───── Input material ─────

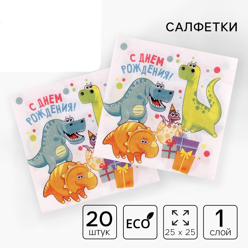 4669375 Набор белых салфеток "С Днем рождения! Динозавры" (20 шт.) Размер 25 х 25 см.
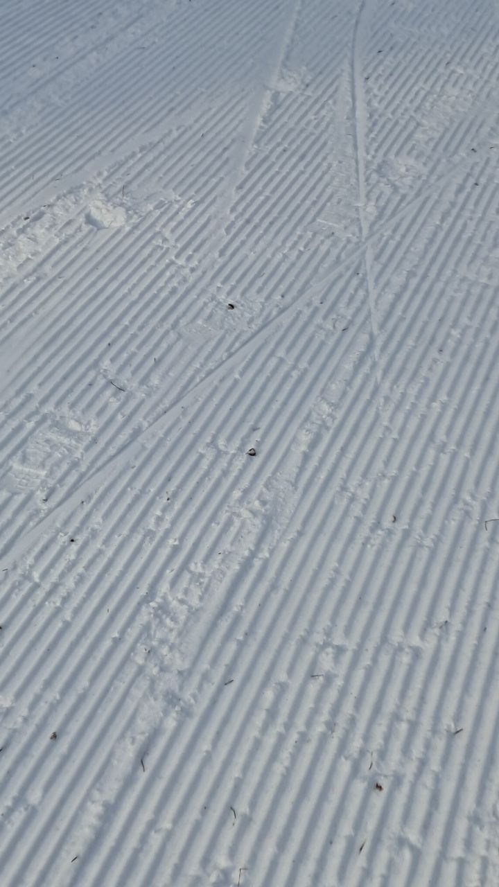 С 07.00 до 09.00 отлично. Ратрак сделал своё дело. Скольжение с ветерком. На роллерке серый снег, но катить можно. Смотрите под ноги, чтобы не словить стоп-кран. На фото состояние в 09.40. Чуть помягче, но шикарно.
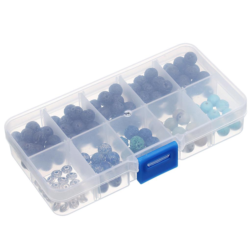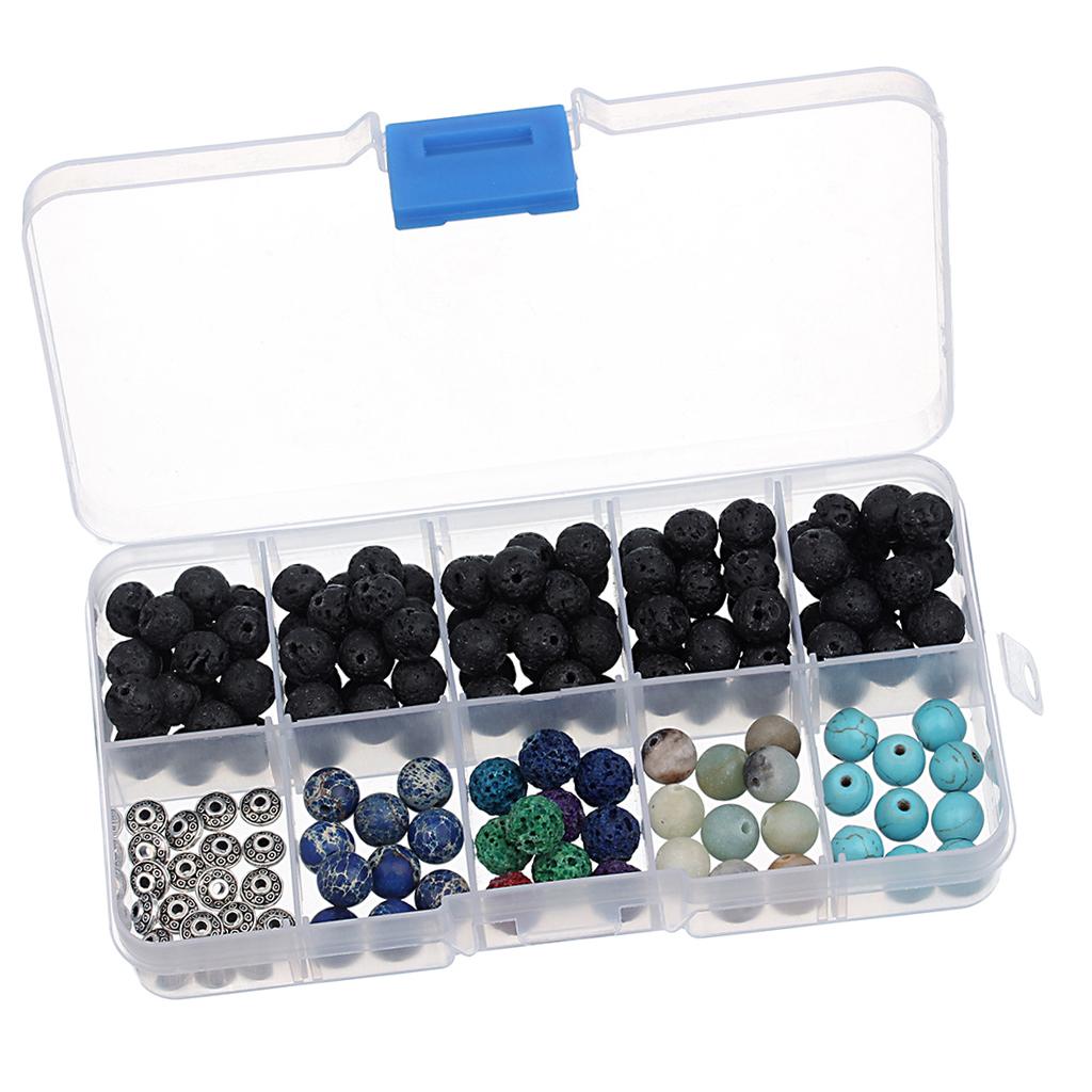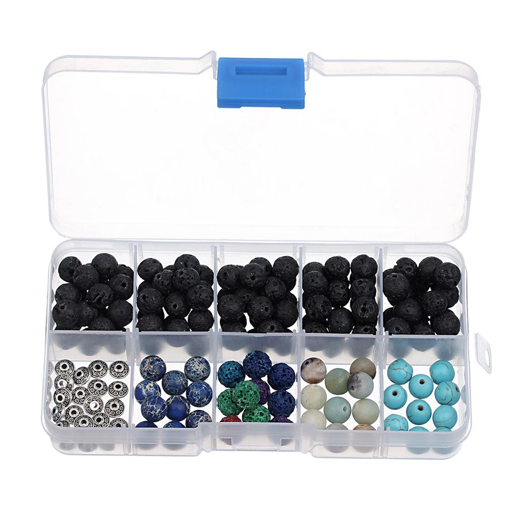 A nice assortment of 110pcs lava beads, 30pcs natural gemstone and 20pcs antique silver spacer beads per box, and they are organized in a plastic box.
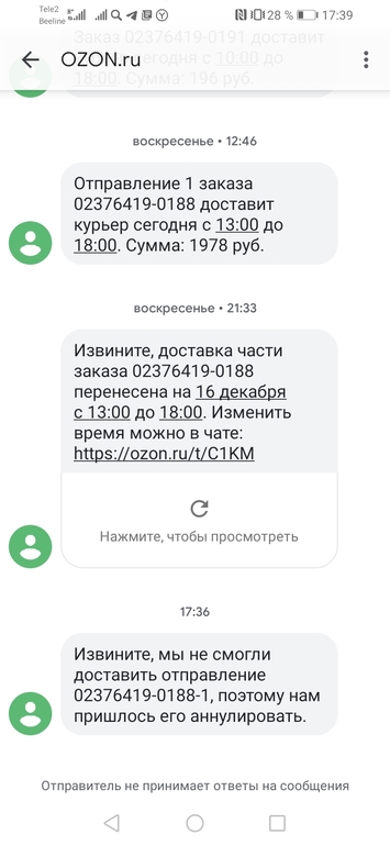 После того как упразднили телефонную линию поддержки это стал не озон, а катастрофа. У них ещё и сбои с адресом. Третий день переносят заказ. Оформила один заказ и увидела, что пропущено название деревни. Тут же оформляюсь второй- проверяю все досконально, делаю скриншот-что все правильно и... вуаля-снова исчезает населенный пункт. Операторы в чате... нет слов, это бесполезные существа. Отвечают долго, тут же покидают чат. Со следующим все заново. Только и сидеть ждать из ответов по полчаса разговор ни о чем. Предложили компенсацию в баллах... 100 баллов))) шедеврально. А на той неделе несколько раз отменяли крупный заказ. Упорно. Объяснения у каждого оператора разные. Чувствую, что и мой заказ отменят((( а там очень важный и уже посчитанный для родкомитета товар. Озооооооооон😭😭😭😭😭😭
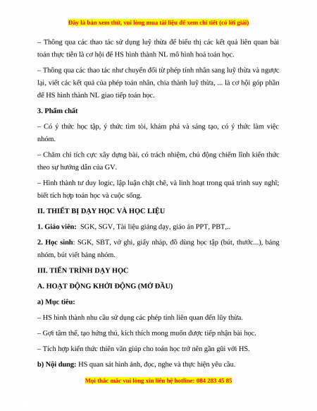 lũy thừa, so sánh các lũy thừa, ... HS có cơ hội để hình thành NL giải quyết vấn đề
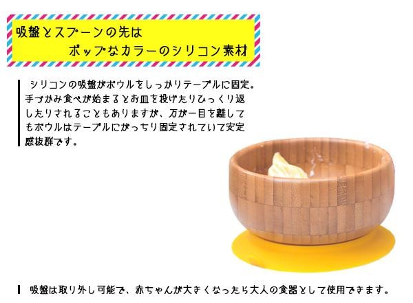 | 素材・材質 | ボウル・スプーン持ち手:竹集成材(食用ウレタン塗装)、吸盤・スプーン先端:シリコン |
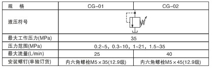 CG系列直動式溢流閥,既可以用于連接到遠(yuǎn)程控制的壓力閥的控制油口,進(jìn)行遠(yuǎn)程控制,或幾只閥并聯(lián)對遠(yuǎn)程控制的壓力閥進(jìn)行多級壓力控制;也可以用于小流量控制回路的最高壓力調(diào)節(jié),或作為安全閥使用。
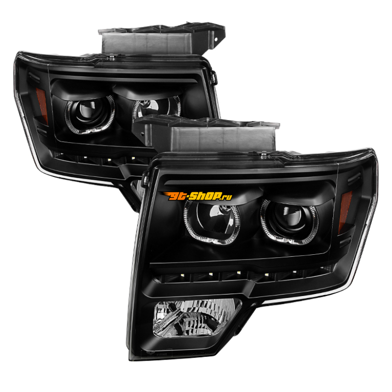 Xtune Ford F150 09-14 Projector Headlights Halogen Model Only LED Halo Black PRO-JH-FF15009-CFB-BK
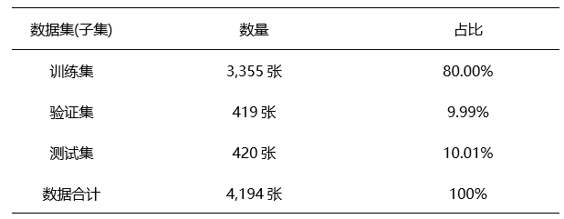 本研究采用"肺炎检测"数据集,共 4,194 张样本。基于随机划分原则,将数据集划分为训练集、验证集与测试集,比例约为 80% / 10% / 10%,对应数量如下:
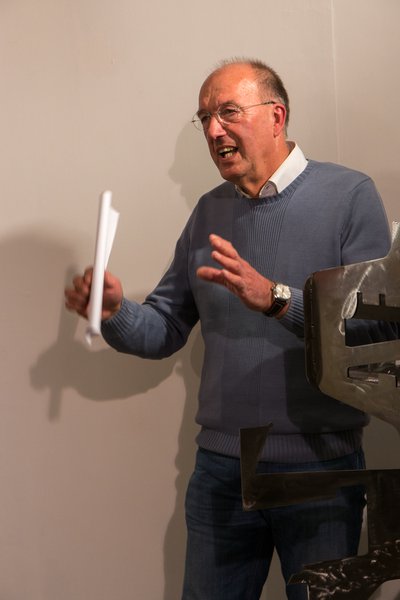 Das Modell, das der Künstler mitbrachte trägt den Namen „Der Wald des Friedens“. In der Realität soll das Werk 8x6 Meter messen. Unterschiedliche Bahnweichen von 2,20 Meter bis zu 3 Meter symbolisieren den Wald, in dem sich drei Mannshohe Skulpturen bewegen. Dieser Ort solle kein Erinnerungsort werden, betont der Künstler, vielmehr soll es ein Ort für individuelle und gesellschaftliche Reflektion sein. Umgesetzt soll dieser im urbanen Raum wirken und zu Zeiten der globalen Unruhen ein Ort der Auseinandersetzung sein.
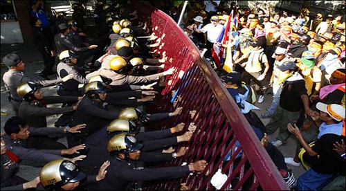 លឿង(ប្រឆាំង អតីតនាយករដ្ឋមន្រ្តីថៃThaksinShinawatra)ជាមួយភាគីអាវក្រហម(ភាគី

─────

■ **Task to carry out**:
Once you reach the line containing "CG系列直動式溢流閥,既可以", print it and every line after it exactly, through the end of the entries, without any pictures.

■ **Answer area**:
 CG系列直動式溢流閥,既可以用于連接到遠(yuǎn)程控制的壓力閥的控制油口,進(jìn)行遠(yuǎn)程控制,或幾只閥并聯(lián)對遠(yuǎn)程控制的壓力閥進(jìn)行多級壓力控制;也可以用于小流量控制回路的最高壓力調(diào)節(jié),或作為安全閥使用。
 Xtune Ford F150 09-14 Projector Headlights Halogen Model Only LED Halo Black PRO-JH-FF15009-CFB-BK
 本研究采用"肺炎检测"数据集,共 4,194 张样本。基于随机划分原则,将数据集划分为训练集、验证集与测试集,比例约为 80% / 10% / 10%,对应数量如下:
 Das Modell, das der Künstler mitbrachte trägt den Namen „Der Wald des Friedens“. In der Realität soll das Werk 8x6 Meter messen. Unterschiedliche Bahnweichen von 2,20 Meter bis zu 3 Meter symbolisieren den Wald, in dem sich drei Mannshohe Skulpturen bewegen. Dieser Ort solle kein Erinnerungsort werden, betont der Künstler, vielmehr soll es ein Ort für individuelle und gesellschaftliche Reflektion sein. Umgesetzt soll dieser im urbanen Raum wirken und zu Zeiten der globalen Unruhen ein Ort der Auseinandersetzung sein.
 លឿង(ប្រឆាំង អតីតនាយករដ្ឋមន្រ្តីថៃThaksinShinawatra)ជាមួយភាគីអាវក្រហម(ភាគី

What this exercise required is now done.